Герои романа классика испанской литературы «Зима в Лиссабоне» — джазовой пианист Сантьяго и жена арт-дилера Лукреция. Во время знакомства между ними вспыхивает искра. Через что им придется пройти, чтобы быть вместе? Перевод книги, соединивший в себе драму, детектив и любовную историю, вышел в издательстве NoAge. «Сноб» публикует первую главу
Прошло почти два года со времени нашей последней встречи с Сантьяго Биральбо, но, встретившись вновь — глубокой ночью за стойкой бара «Метрополитано», — мы поприветствовали друг друга так буднично, словно только накануне выпивали вместе, и не в Мадриде, а в Сан-Себастьяне, в баре Флоро Блума, где Биральбо играл долгое время.

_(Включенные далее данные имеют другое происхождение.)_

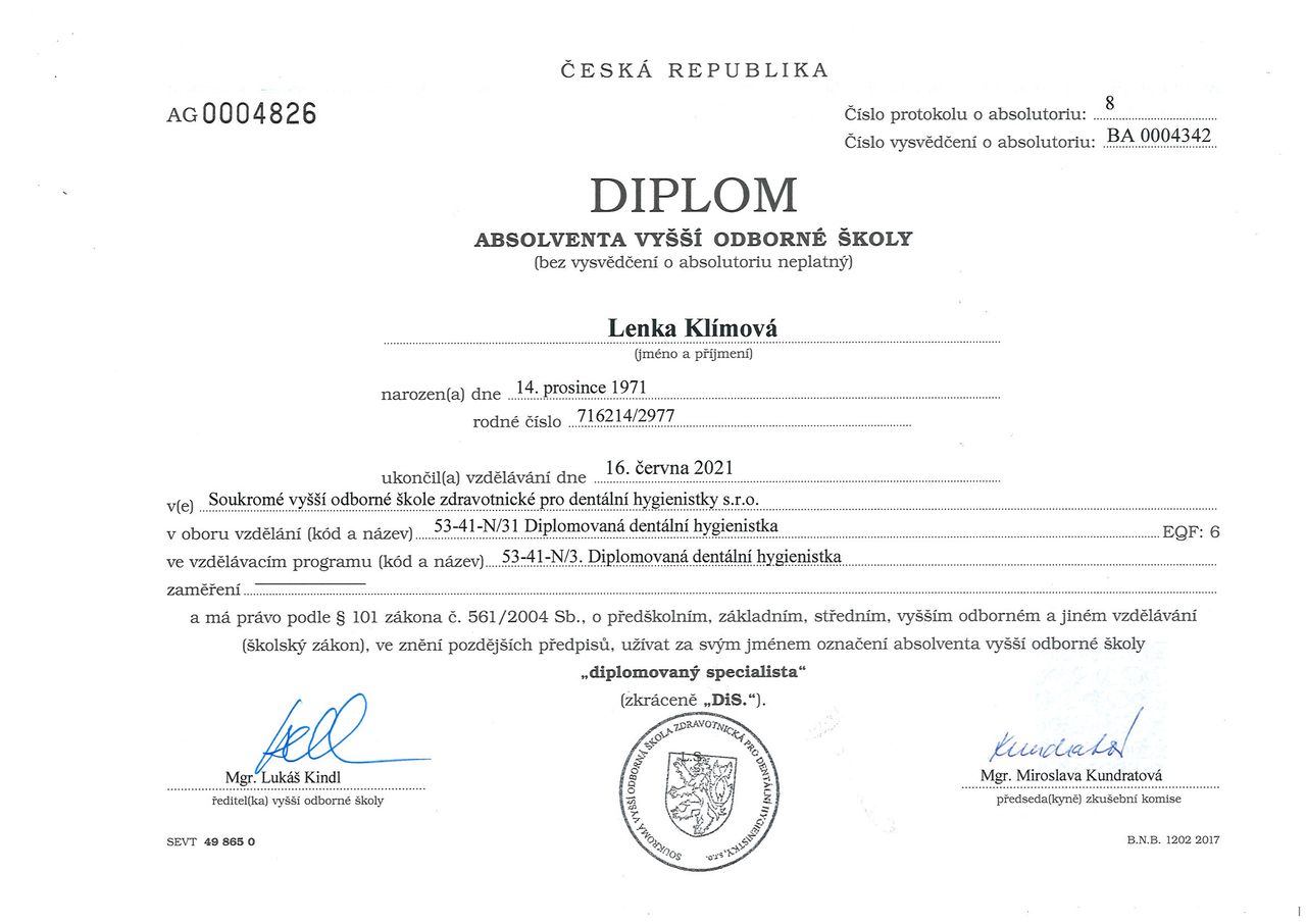 Jmenuji se Lenka Klímová a mám to štěstí, že mne moje práce dentální hygienistky těší a naplňuje. Mám radost, když vidím pozitivní výsledky své práce.

Теперь он играл в «Метрополитано», вместе с чернокожим контрабасистом и очень нервным молоденьким французом-ударником по имени Баби, во внешности которого сквозило что-то скандинавское. Группа называлась «Джакомо Долфин трио»; тогда я еще не знал, что Биральбо сменил имя и Джакомо Долфин — не звучный сценический псевдоним пианиста, а то, что значится теперь в его паспорте. Еще не видя Биральбо, я почти узнал его по манере игры. Он играл так, словно не прилагал к этому ни малейшего усилия, будто звучавшая музыка не имела к нему никакого отношения. Я сидел за стойкой, спиной к музыкантам, и при звуках песни, которую тихонько нашептывало фортепиано и название которой я позабыл, меня охватило некое предчувствие — возможно, то смутное ощущение прошлого, которое иногда чудится мне в музыке. Я обернулся, в то мгновение еще не осознавая, что ко мне постепенно возвращается воспоминание о далекой ночи в «Леди Бёрд», в Сан-Себастьяне, где я так давно не бывал. Голос фортепиано почти утонул в звуках контрабаса и ударных, и тогда, невольно окинув взглядом едва различимые сквозь дым лица публики и музыкантов, я увидел профиль Биральбо — он играл с сигаретой во рту, полуприкрыв глаза.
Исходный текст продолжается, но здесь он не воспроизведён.